> [ASSIGNMENT] Omit pictures and quote the listing below line by line, from its start through the line that holds "Peresnica ima tri".

> [MATERIAL SHOWN]
######
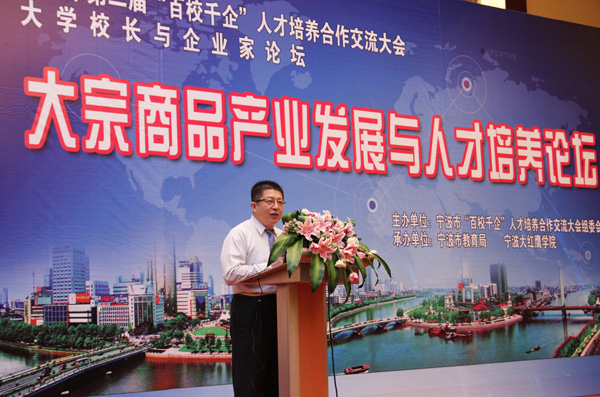 5月27日下午,作为宁波市第二届“百校千企”人才培养合作交流大会主要内容之一的“大宗商品产业发展与人才培养论坛”在香格里拉大酒店举行。西安邮电大学副校长温小郑博士、商务部国际贸易合作研究院市场研究部副主任白明研究员、北京工商大学证券期货研究所所长胡俞越教授、宁波神化化学品经营有限责任公司高级分析师纪鸿聪、长城企业战略研究所执行总监王峰等应邀为本次论坛作专题报告。宁波市委人才工作领导小组办公室副主任刘骏、市教育局副局长胡赤弟、市科技局副局长何晓南、市科协秘书长张定科,我校领导孙惠敏、李羽、高振强等出席了本次论坛。论坛由副校长张舜德主持。
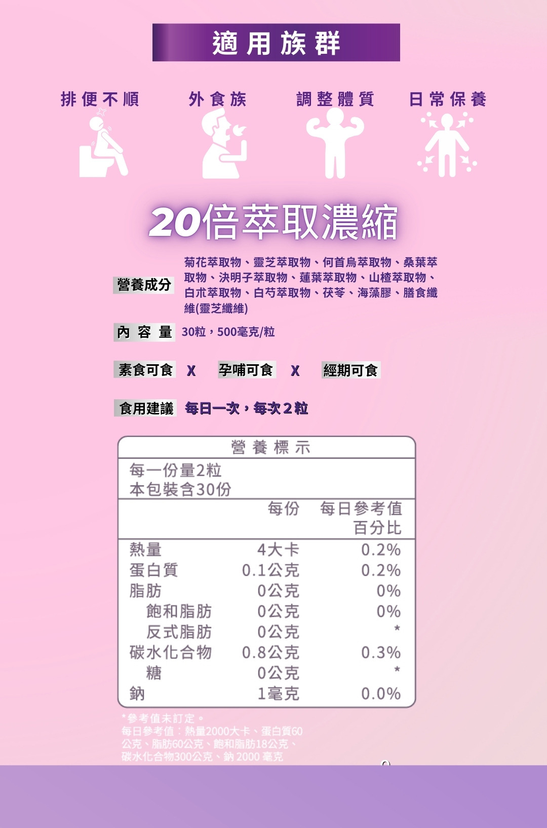 ◆ 天然植萃,不含任何添加物,不含硬脂酸鎂,不含麥芽糊精,不含二氧化矽
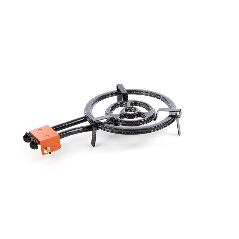 Este paellero de gama alta permite cocinar paelleras de entre 4 a 22 raciones. Al igual que el resto de paelleros de su categoría, dispone de salida de llama lateral y de una distribución de fuegos que asegura un reparto óptimo de la temperatura.
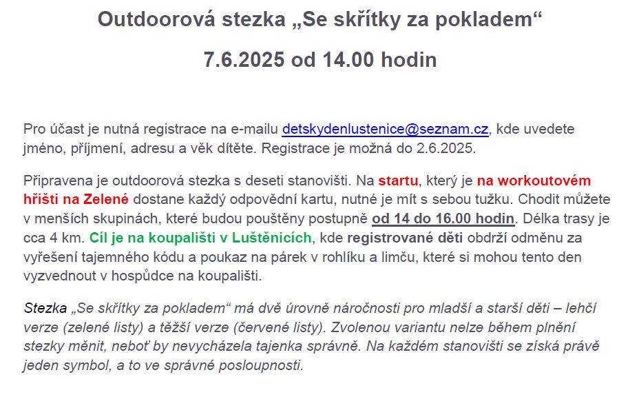 Nutná registrace dětí na destkydenlustenice@seznam.cz
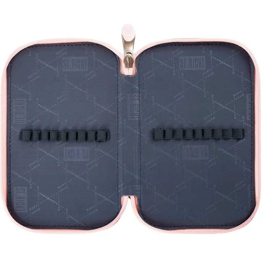 Peresnica ima tri zadrge, ki ob odpiranju omogočajo dostop do različnih velikosti in funkcij predalov. V sprednjih in zadnjih žepih je veliko prostora za svinčnike in peresa, ki so pritrjeni z elastičnimi trakovi, tako da so vedno urejeni. V srednjem žepu pa so na voljo dodatne praktične možnosti shranjevanja: tukaj lahko enostavno shranite ravnila, radirke in druge manjše pisalne potrebščine.
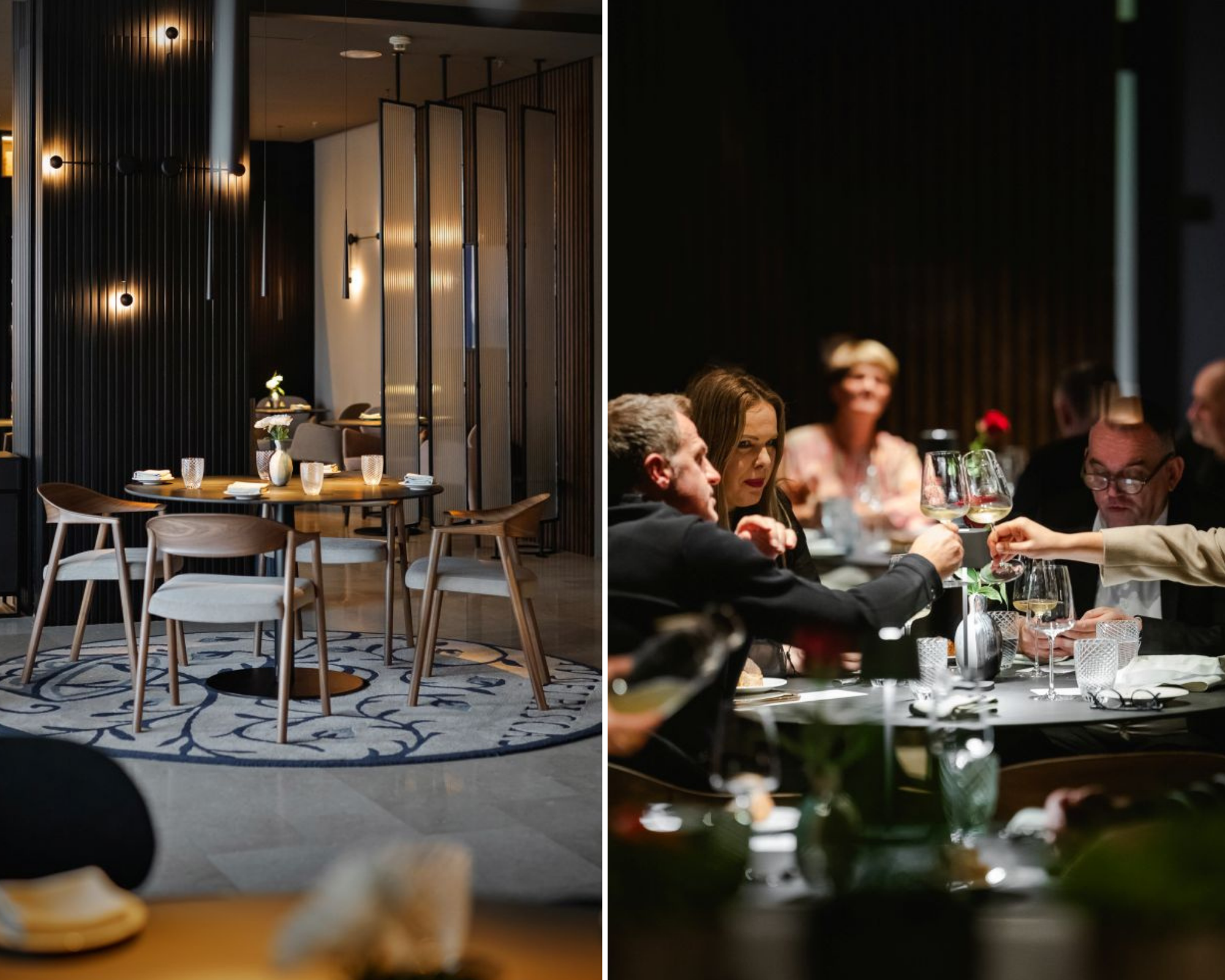 Večer započinje maštovitim zalogajima – macaronom s mousseom od lososa i gelom od cikle, kroketom od Pepper Jack sira s aiolijem od paprike te tacom s goveđim tartarom, uz koje se toči Ca’ del Bosco cuvée prestige.
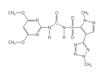 別名 1-((4,6-二甲氧基嘧啶-2-基)-3-(1-甲基-4-(2-甲基-2H-四唑-5-基)吡唑)-5-基磺酰基)脲;N-{[(4,6-二甲氧基-2-嘧啶基)氨基]羰基}-1-甲基-4-(2-甲基-H-四唑-5-基)-1H-吡唑-5-磺酰胺;N-(((4,6-Dimethoxy-2-pyrimidinyl)amino)carbonyl)-1-methyl-4-(2-methyl-2H-tetrazol-5-yl)-1H-pyrazole-5-sulfonamide 3-(4,6-Dimethoxypyrimidin-2-yl)-1-[2-methyl-4-(2-methyltetrazol-5-yl)pyrazol-3-yl]sulfonyl-urea
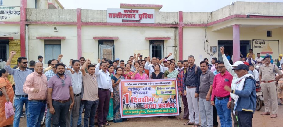 बी.संवर्ग के सैकड़ों शिक्षकों ने ब्लाक संचालक त्रय दिनेश कुरेटी,कीरत गणवीर एवं अमरदास बंजारे के संयुक्त कुशल नेतृत्व में चार सूत्रीय मांगों को लेकर 1जुलाई को सामुहिक अवकाश लेकर ब्लाक व तहसील मुख्यालय छुरिया में एक दिवसीय सांकेतिक धरना-प्रदर्शन कर एवं रैली निकालकर मुख्यमंत्री,शिक्षा सचिव एवं शिक्षण संचालक के नाम पर तहसीलदार एवं विकास खंड शिक्षा अधिकारी को लिखित ज्ञापन सौंपा।
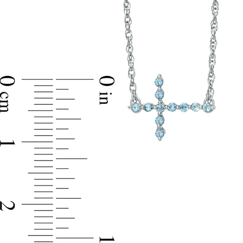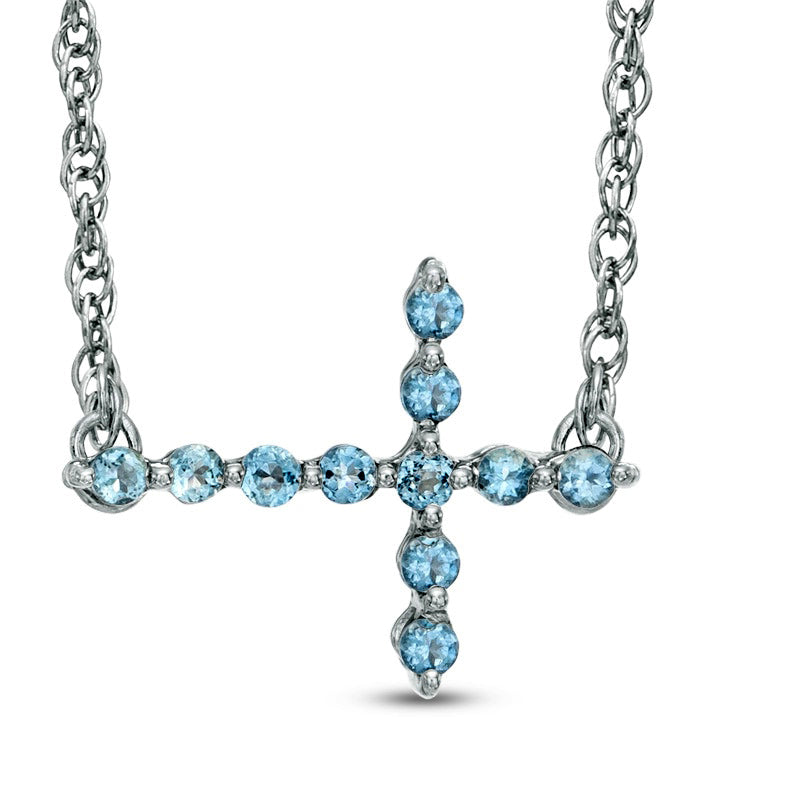 Blue Topaz Sideways Cross Necklace in Sterling Silver
######
> [EXPECTED ANSWER]
 5月27日下午,作为宁波市第二届“百校千企”人才培养合作交流大会主要内容之一的“大宗商品产业发展与人才培养论坛”在香格里拉大酒店举行。西安邮电大学副校长温小郑博士、商务部国际贸易合作研究院市场研究部副主任白明研究员、北京工商大学证券期货研究所所长胡俞越教授、宁波神化化学品经营有限责任公司高级分析师纪鸿聪、长城企业战略研究所执行总监王峰等应邀为本次论坛作专题报告。宁波市委人才工作领导小组办公室副主任刘骏、市教育局副局长胡赤弟、市科技局副局长何晓南、市科协秘书长张定科,我校领导孙惠敏、李羽、高振强等出席了本次论坛。论坛由副校长张舜德主持。
 ◆ 天然植萃,不含任何添加物,不含硬脂酸鎂,不含麥芽糊精,不含二氧化矽
 Este paellero de gama alta permite cocinar paelleras de entre 4 a 22 raciones. Al igual que el resto de paelleros de su categoría, dispone de salida de llama lateral y de una distribución de fuegos que asegura un reparto óptimo de la temperatura.
 Nutná registrace dětí na destkydenlustenice@seznam.cz
 Peresnica ima tri zadrge, ki ob odpiranju omogočajo dostop do različnih velikosti in funkcij predalov. V sprednjih in zadnjih žepih je veliko prostora za svinčnike in peresa, ki so pritrjeni z elastičnimi trakovi, tako da so vedno urejeni. V srednjem žepu pa so na voljo dodatne praktične možnosti shranjevanja: tukaj lahko enostavno shranite ravnila, radirke in druge manjše pisalne potrebščine.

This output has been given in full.